6. Aggregate results

Instead of a row for each session, we want one row with counts of non-null hit-numbers per funnel-step. Take the query so far, and wrap it with this:


SELECT
COUNT(s0.firstHit) AS _job_details_,
COUNT(s1.firstHit) AS _job_apply_
FROM (
(query from 2. goes here if the funnel has two steps))

The query has a recursive structure, which means that we could use a recursive program to generate the query mechanically. This is a major advantage, because for longer funnels, the query can grow quite large (500+ lines for a 13-step funnel). By automating the process, we can save lots of development time. We’ll now go over how to use Funneler to generate the query.

Funneler

Funneler is an executable Python script (no need to have Python installed) which, when fed a json containing a list of regexes or URLs, generates the SQL query in the BigQuery dialect to build that funnel. It manipulates and combines strings of SQL code recursively. It extends the functionality of the query described in section 2 and it allows for segmenting and filtering of sessions based on any column in the BigQuery table.

Funneler and funneler.py can be found on my Github page (https://github.com/douug).

The input to Funneler is a json document with the following name/value pairs:

  • Table name, with the following format: [(Dataset ID).ga_sessions_]
  • Start date: ‘YYYY-MM-DD’
  • End date: ‘YYYY-MM-DD’
  • List of regexes: one regex per funnel-step
  • Segmode: True for segmenting, False otherwise
  • Segment: The column to segment on
  • Filtermode: True for filtering, False otherwise
  • Filtercol: The column to filter on
  • Filterval: The value to filter on in the above-mentioned column

Here is an example of an input json:


{
"table": "[123456789.ga_sessions_]",
"start": "'2015-11-01'",
"end": "'2015-11-04'",
"regex_list": ["'/job/details/'",
"'/job/apply/'",
"'/job/apply/upload-resume/'",
"'/job/apply/basic-profile/'",
"'/job/apply/full-profile/'",
"'/job/apply/(assessment/external|thank-you)'"],
"segmode": "True",
"segment": "device.deviceCategory",
"filtermode": "False",
"filtercol" : "hits.customDimensions.index",
"filterval" : "23"
}

Please note the quoted quotes (e.g. in the elements of the value of the key "regex_list" above). These are included because after the json is ingested into a Python dictionary, the Python strings may contain SQL strings, which themselves require quotes. But, the value of the key "filterval" has no inside quotes because 23 is of type int in SQL and wouldn’t be quoted.

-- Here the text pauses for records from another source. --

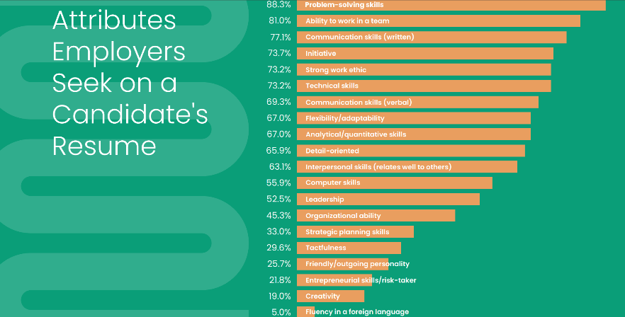 美国全国大学与雇主协会(NACE)在2025年发布的《就业展望》显示:近90%的招聘人员在简历上最优先寻找的,是解决问题的能力;超过80%看重团队协作;超过75%看重沟通能力。
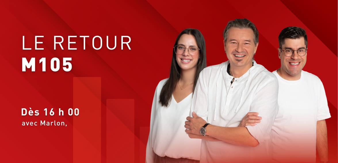 La journée se termine bien à M105 avec Le Retour M105. Marlon Desmeules, Lydia Bonin et Mathieu Majeau aux nouvelles vous raccompagnent à la maison du lundi au jeudi entre 16h et 18h pour un retour à la maison en musique et en actualités. À 16h, on plonge dans nos souvenirs musicaux avec les classiques incontournables.
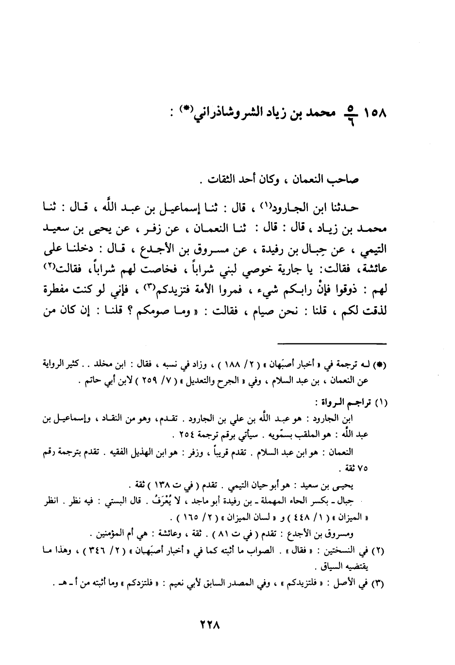 §158 - مُحَمَّدُ بْنُ زِيَادٍ الشَّرْوَشَاذِرَانِيُّ صَاحِبُ النُّعْمَانِ , وَكَانَ أَحَدَ الثِّقَاتِ

To run Funneler, go to \dist_funneler\data. Open input.json and modify the contents, then go back to \dist_funneler and run funneler.exe. Three files should appear – std_error.log, std_out.log (which contains feedback about whether Segmode or Filtermode are engaged, and where the generated query can be found), and your query. Copy and paste your query into BigQuery. Try starting with a short funnel, as it may take a few tries to format the input correctly.

Alternatively, if you are running funneler.py, it can be executed from the command line with the following:

python funneler.py input.json

In this case, the contents of the above mentioned std_error.log and std_out.log files will appear in-console. This query can then be copied into your BQ instance. The resulting table should have two columns per regex/funnel-step – one for hits, and one for exits – and one row . If segmode is set to True, then there will be a row per value in the segment column.

Hopefully these tools help you to quickly create complex queries and meet analysis objectives to perform deeper analysis of GA page-hit data.